HomeArtificial IntelligenceOpenAI shuts down election interference operation that used ChatGPT

OpenAI shuts down election interference operation that used ChatGPT

OpenAI has banned a gaggle of ChatGPT accounts linked to an Iranian influence operation that generated content concerning the US presidential election. Blog post on Friday. The company says the campaign resulted in AI-generated articles and social media posts, even though it appears they didn’t reach a big audience.

This will not be the primary time OpenAI has suspended accounts linked to state actors maliciously using ChatGPT. In May, the corporate suspended five campaigns Using ChatGPT to control public opinion.

These incidents are harking back to state actors using social media like Facebook and Twitter to influence previous election cycles. Now, similar groups (or perhaps the identical) are using generative AI to flood social channels with misinformation. Much like social media firms, OpenAI appears to be taking a whack-a-mole approach, shutting down accounts related to these efforts as soon as they surface.

OpenAI says its investigation into this group of accounts was Microsoft Threat Intelligence Report The study, published last week, identified the group (which it calls Storm-2035) as a part of a broad campaign to influence the U.S. election that has been ongoing since 2020.

According to Microsoft, Storm-2035 is an Iranian network with several web sites that mimic news outlets and “actively goal U.S. voting groups at opposite ends of the political spectrum with polarizing messages on issues resembling the U.S. presidential candidates, LGBTQ rights, and the Israel-Hamas conflict.” The script, as has been shown in other operations, will not be necessarily to advertise one policy or the opposite, but to sow discord and conflict.

OpenAI identified five website fronts for Storm-2035 that presented themselves as each progressive and conservative news outlets and had compelling domains like “evenpolitics.com.” The group used ChatGPT to put in writing several long articles, including one claiming that “X is censoring Trump's tweets,” something Elon Musk's platform definitely hasn't done (if anything, Musk is encouraging former President Donald Trump to interact more on X).

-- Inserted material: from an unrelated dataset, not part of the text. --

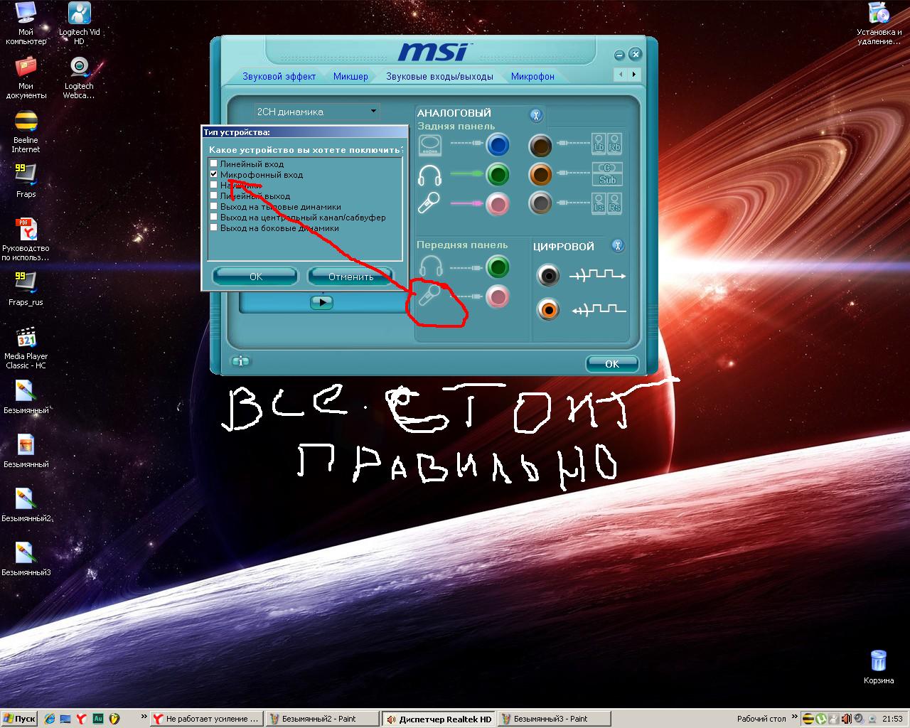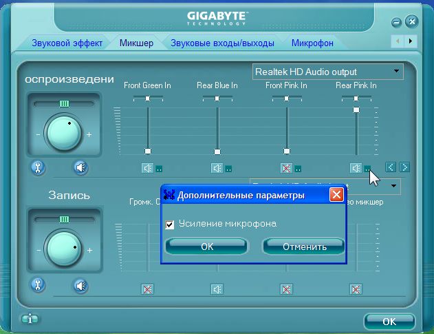 Не работает усиление микрофона на Realtek High Definition Audio под Windows XP
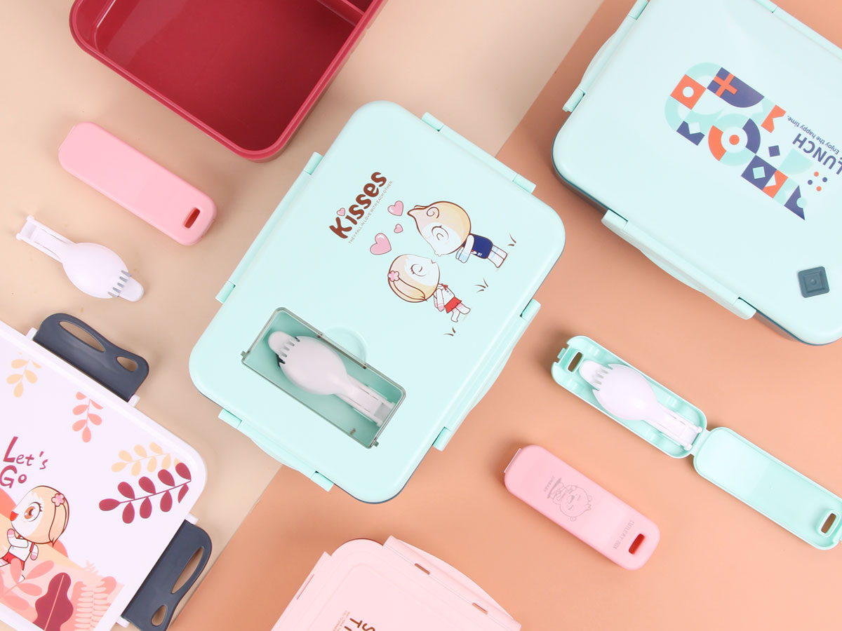印花飯盒(長(zhǎng)方形/含餐具)

An example of a fake news channel running content generated by ChatGPT.
Photo credits: OpenAI

On social media, OpenAI identified a dozen X accounts and one Instagram account controlled by this operation. The company says ChatGPT was used to rewrite various political comments that were then posted on these platforms. One of those tweets falsely and confusingly claimed that Kamala Harris was attributing “increased immigration costs” to climate change, followed by “#DumpKamala.”

OpenAI says it has seen no evidence that Storm-2035's articles were widely shared, and noted that the vast majority of its social media posts received few or no likes, shares, or comments. This is common with such operations, which will be arrange quickly and cheaply using AI tools like ChatGPT. Expect to see many more such posts because the election approaches and partisan bickering online intensifies.